3つ目の要因に、旧ジャニーズ事務所の流れを汲むSTARTO ENTERTAINMENT(以下、SE社)が3年ぶりに紅白の舞台に帰ってきたことが考えられます。「3年ぶりに1部30%、2部35%を突破」ということは、2025年の紅白が2022年の水準に戻ったことを意味します。

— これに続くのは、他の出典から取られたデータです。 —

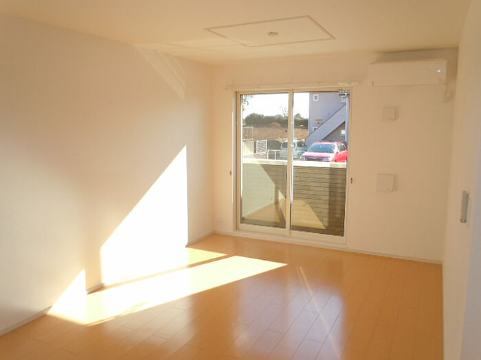 この物件はバルコニー付きでおすすめです。フローリングには静電気の防止効果もあるので好評です。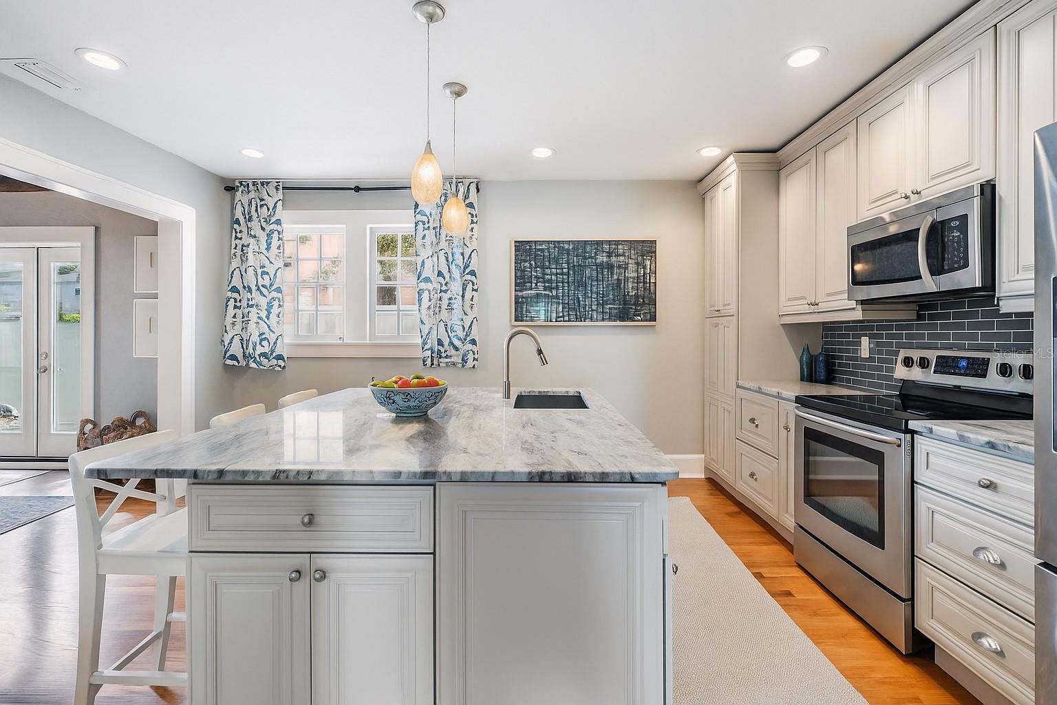 Charmoso Mediterrâneo da década de 1920 em Palma Ceia, em uma rua tranquila de tijolos que pode ser percorrida até 1983 e Cru, a poucos minutos do TGH, do centro da cidade e de MacDill. Desfrute de passeios tranquilos até Hyde Park Village, SoHo e Bayshore Boulevard — com acesso a escolas de bairro com classificação A e ao amado estilo de vida de Palma Ceia. Atualizada para a vida moderna, preservando seu caráter histórico, esta casa de 3 quartos/2 banheiros recebe você com madeiras originais, tetos e vigas de cipreste/cedro, janelas e portas emolduradas, portas internas vintage com ferragens originais e uma lareira decorativa de tijolos. Uma convidativa sala de jantar oferece acesso por porta francesa a um pátio lateral e ao quintal sombreado e cercado de privacidade - perfeito para o café da manhã ou noites relaxantes. A cozinha aberta combina calor e função com armários elegantes, backsplash escuro de azulejos de metrô, iluminação sob o armário e incluindo um refrigerador de vinho embaixo da bancada para entretenimento sem esforço. Uma lavanderia interna dedicada acrescenta conveniência ao dia a dia. A espaçosa suíte principal - posicionada na parte traseira para maior privacidade - apresenta detalhes cuidadosos, incluindo closet verdadeiramente personalizado, pias duplas, balcões de granito e chuveiro com efeito de chuva. Dois quartos adicionais (com opção de porta comunicante) compartilham um banheiro clássico completo com pia de pedestal e azulejos em favo de mel. Incomum para uma casa desta época, o layout oferece armazenamento excepcional por toda parte. O quintal gramado profissionalmente oferece excelente privacidade e inclui uma pérgula sombreada, fogueira e várias áreas para relaxar ou entreter - um retiro convidativo para tardes ensolaradas e noites relaxantes. Árvores maduras, calçadas e espaços ao ar livre cuidadosamente projetados completam uma casa que foi excepcionalmente bem cuidada e mantida com amor, refletindo o que há de melhor na vida em Palma Ceia. Atualizações notáveis: • Telhado (2017) • HVAC (2017) • Adição de cama/banheiro primário (2016) • Trabalho estrutural (2015) • Encanamento substituído (2004) com linha de esgoto atualizada para PVC (2006) • Elétrica substituída (2004)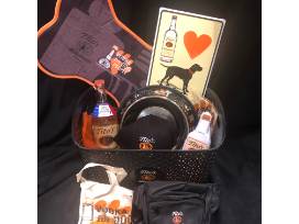 Tito's Handmade Vodka is the Vodka for Dog People! Take home this amazing basket with goodies for both humans and puppies! Includes Tito's Dog Toy, Food Bowl, Leash, Mat, Tin Sign, Tote Bag, Fanny Pack, 1L Vodka and more!

2022年までコンスタントに紅白に出演してきたSE社所属アーティストは、創業者問題で2023年、2024年には不在となりました。2023年には、1部、2部ともに過去最低視聴率となっていましたが、2025年にようやくKing & Prince、SixTONESの2組が戻ってきました。彼らの復帰と共に、その数値が取り戻されているようにも見えます。

SE社不在による紅白視聴ボイコット運動

2023年、2024年には、SNS上で、SE社アーティストが締め出されたと感じた全SE社ファンによる紅白視聴ボイコット運動が起きました。

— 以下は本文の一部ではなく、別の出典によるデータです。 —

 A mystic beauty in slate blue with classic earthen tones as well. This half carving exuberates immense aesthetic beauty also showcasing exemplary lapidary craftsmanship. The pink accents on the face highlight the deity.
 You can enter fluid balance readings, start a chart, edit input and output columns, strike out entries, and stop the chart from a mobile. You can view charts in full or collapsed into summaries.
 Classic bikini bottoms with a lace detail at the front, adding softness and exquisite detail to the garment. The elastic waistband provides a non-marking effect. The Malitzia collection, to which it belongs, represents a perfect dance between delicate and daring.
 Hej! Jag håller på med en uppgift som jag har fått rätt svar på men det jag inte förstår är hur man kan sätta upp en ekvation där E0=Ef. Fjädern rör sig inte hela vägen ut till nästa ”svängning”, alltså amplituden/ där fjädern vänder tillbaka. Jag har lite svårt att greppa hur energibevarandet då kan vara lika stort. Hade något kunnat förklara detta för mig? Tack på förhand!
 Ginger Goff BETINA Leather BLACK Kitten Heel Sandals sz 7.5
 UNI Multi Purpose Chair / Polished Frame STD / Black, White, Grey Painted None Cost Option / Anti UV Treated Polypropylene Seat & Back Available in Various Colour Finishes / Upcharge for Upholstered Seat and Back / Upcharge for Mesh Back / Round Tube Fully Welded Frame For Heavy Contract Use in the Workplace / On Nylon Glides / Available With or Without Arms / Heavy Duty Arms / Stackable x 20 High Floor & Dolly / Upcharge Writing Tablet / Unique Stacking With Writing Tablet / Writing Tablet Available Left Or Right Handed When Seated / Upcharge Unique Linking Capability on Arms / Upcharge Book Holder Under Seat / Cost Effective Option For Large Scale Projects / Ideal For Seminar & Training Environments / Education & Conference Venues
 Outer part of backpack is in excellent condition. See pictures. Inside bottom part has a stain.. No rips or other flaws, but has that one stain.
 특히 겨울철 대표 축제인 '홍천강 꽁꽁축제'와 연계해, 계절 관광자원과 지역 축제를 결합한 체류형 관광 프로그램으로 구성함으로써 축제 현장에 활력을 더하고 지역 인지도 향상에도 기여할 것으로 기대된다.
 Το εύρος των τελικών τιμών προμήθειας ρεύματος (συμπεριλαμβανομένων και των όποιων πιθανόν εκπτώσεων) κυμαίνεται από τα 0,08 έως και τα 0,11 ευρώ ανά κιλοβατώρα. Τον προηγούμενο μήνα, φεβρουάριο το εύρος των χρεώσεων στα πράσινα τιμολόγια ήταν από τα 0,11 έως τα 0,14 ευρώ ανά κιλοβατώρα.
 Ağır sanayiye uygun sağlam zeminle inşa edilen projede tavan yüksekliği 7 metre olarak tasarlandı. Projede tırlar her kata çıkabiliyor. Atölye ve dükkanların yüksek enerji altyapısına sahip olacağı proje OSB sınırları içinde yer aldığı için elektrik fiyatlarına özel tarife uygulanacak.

2025年において、King & Prince、SixTONESの2組のファンだけで視聴率が大幅アップしたわけではありませんが、全SE社ファンによる紅白視聴ボイコットが解かれたことには大きな意味があります。

目黒蓮/Snow Man(C)日刊ゲンダイ
目黒蓮/Snow Man(C)日刊ゲンダイ

SE社の中で最も勢いがありながら、紅白からは距離を取り、2023年より3年連続で大晦日にYouTube生配信を実施しているSnow Man。その同時接続者数は、2023年、2024年と2年連続で120万人を超えていましたが、今年は約95万人と、初の100万人割れをしました。

これは、SE社タレントの紅白不在時には、紅白に対抗するように大晦日にファンを楽しませようというSnow Manの気概に打たれ、彼らの配信を見ていたSE社ファンが、2025年は紅白に戻っていったとも考えられます。

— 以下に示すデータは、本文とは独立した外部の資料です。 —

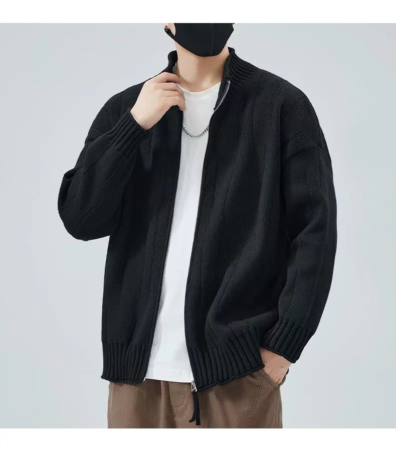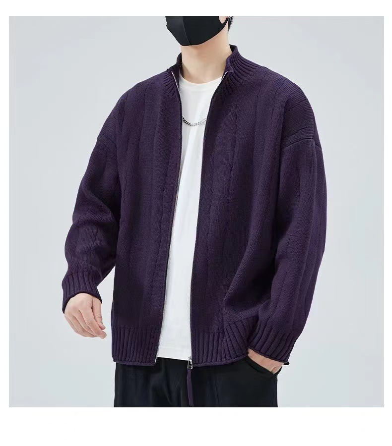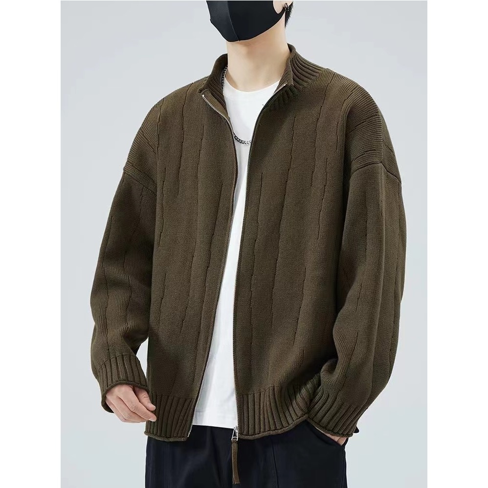 2024 년 새로운 가을과 겨울 수직 칼라 솔리드 컬러 니트 지퍼 카디건 남성 외부 착용 아메리칸 스타일 하이 엔드 루즈 스웨터 재킷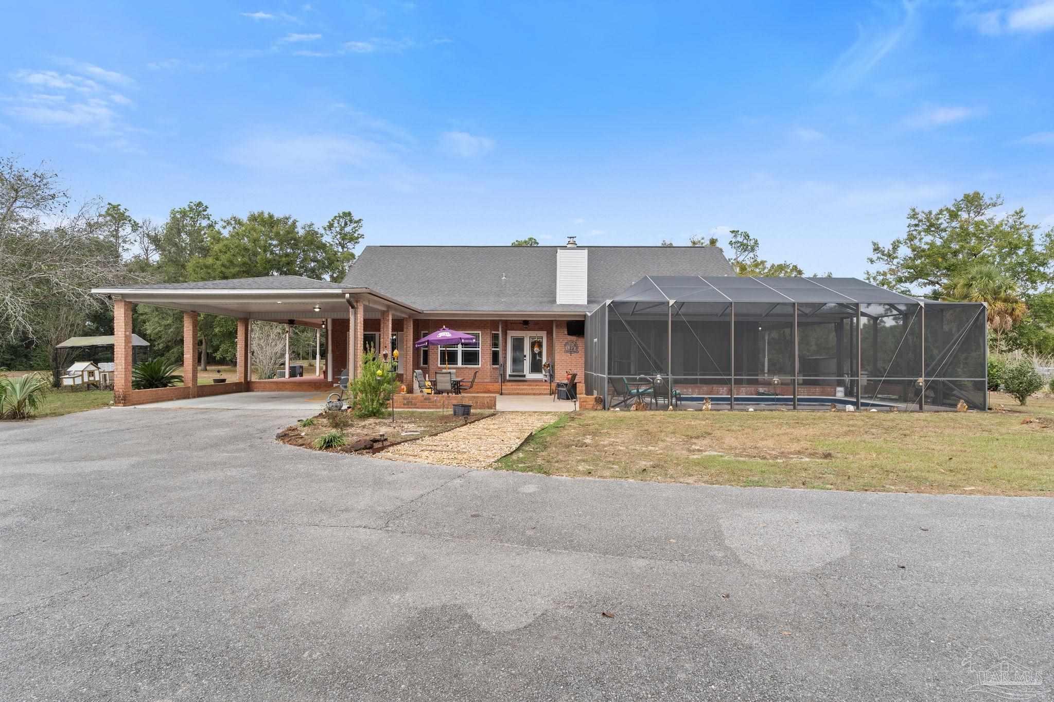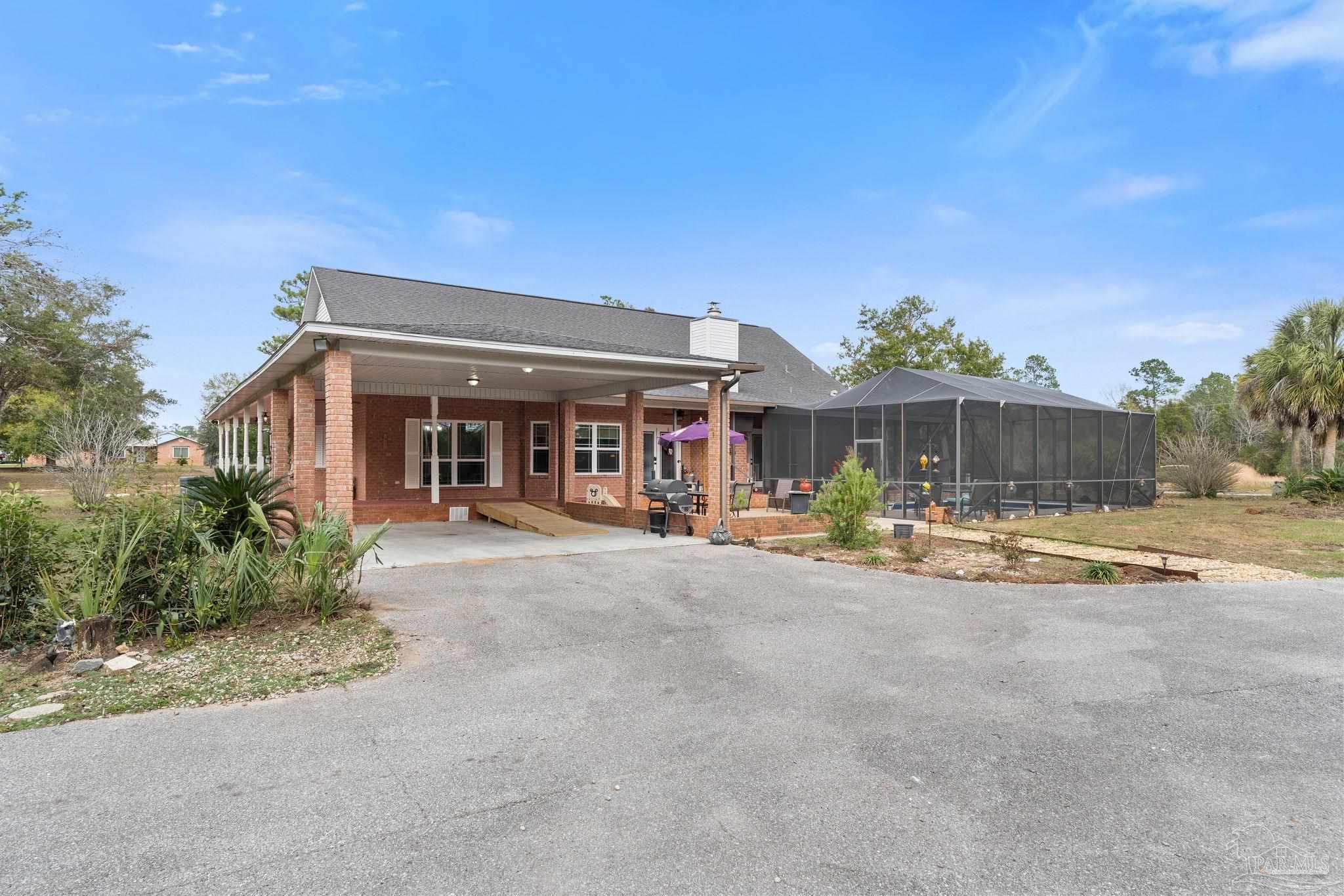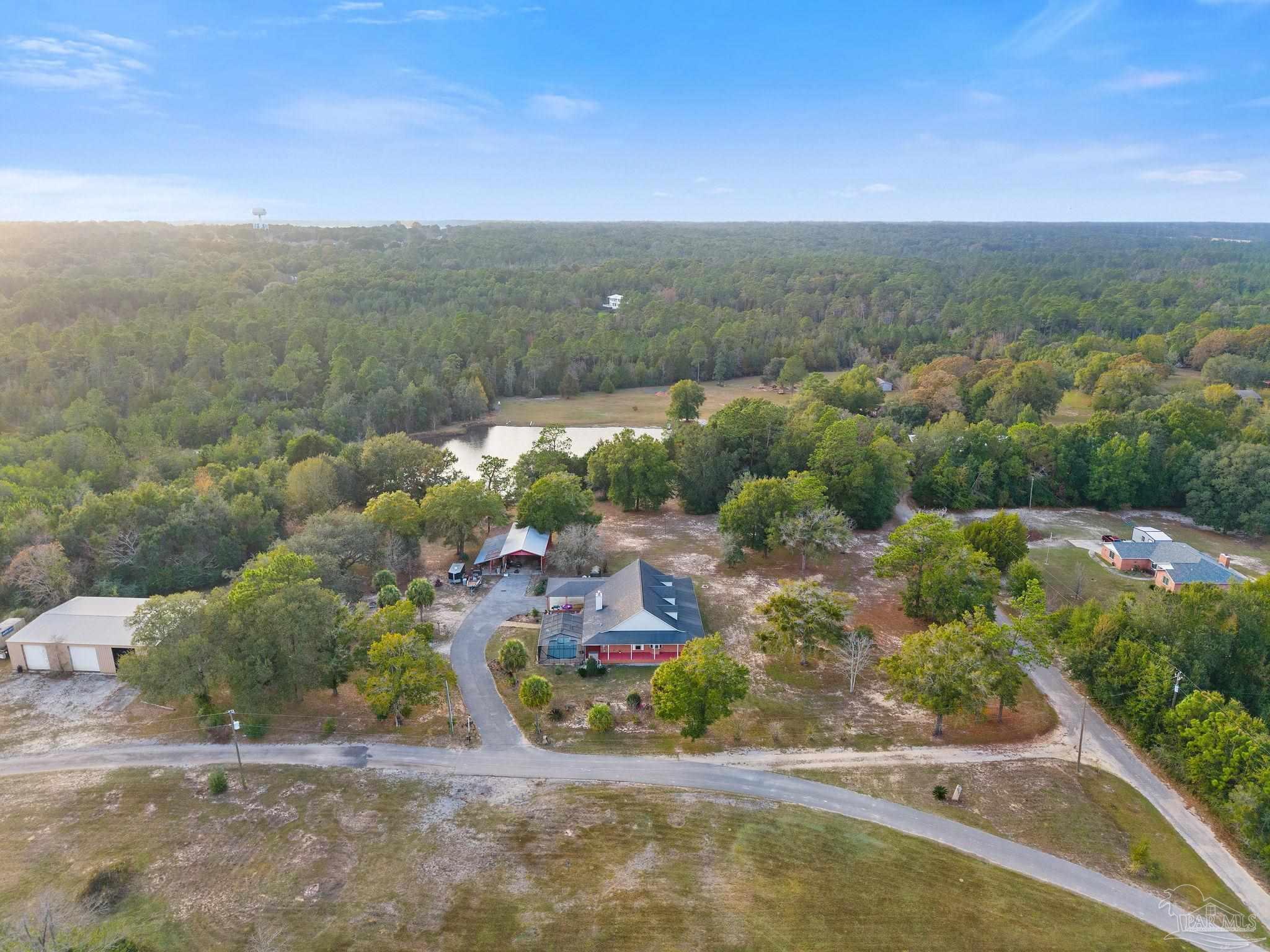 This is a RARE and UNIQUE 3-Bedroom, 3-Bathroom Brick home on 30 ACRES in the middle of Milton. Enjoy the feel of peaceful country living just minutes from town. The property features an ENCLOSED SALTWATER POOL, a FISHING POND, a CREEK, a massive 3,000 SQ. FT. metal building with power, and another 2400 sq. ft. garage/workshop with power. Additional highlights of this home are a wrap around porch, wood burning fireplace, Chef's Kitchen, large laundry room, and a bathroom that opens to the pool area. The attic offers room to expand or add additional living space if desired. For travelers, there is an RV hookup with a dedicated dump station. Located at the end of a dead-end road, this property offers true privacy while still being close to schools, shopping, and local amenities. Enjoy the benefits of in-town convenience with the feel of country living — a rare find!

もちろん、Snow Manの熱心なファンは彼らの配信に残ったからこそ、約95万人という通常であれば凄まじい同接になっています。

ですが、それ以外の、SE社全体を推している事務所箱推しファンは、SE社アーティストが2組も復帰したのに紅白の数字が変わらなかったり、落ちてしまうことがないよう、紅白にチャンネルを合わせたり、白組に投票したことがSNSから伺えます。結果的にですが、視聴率も回復し、白組も勝利で終えました。

「3年ぶり」というキーワード

永瀬廉/King&Prince(C)日刊ゲンダイ
永瀬廉/King&Prince(C)日刊ゲンダイ

2025年の紅白視聴率V字回復の3大要因として、ベテラン大物歌手、裏番組の弱さ、SE社アーティスト復帰を挙げてきました。

ただ、大御所歌手は2023年も2024年も多く出演していましたし、「笑ってはいけないシリーズ」が放送されなくなったのは2021年からで、裏番組の弱さは今に始まったことではありません。

「3年ぶり」というキーワードに唯一当てはまるのは、SE社アーティストの復活。具体的な統計は出ていませんが、あくまで結果論で言えば、SE社ファンの動向は紅白に少なくない影響を及ぼしている可能性が高いのではないでしょうか。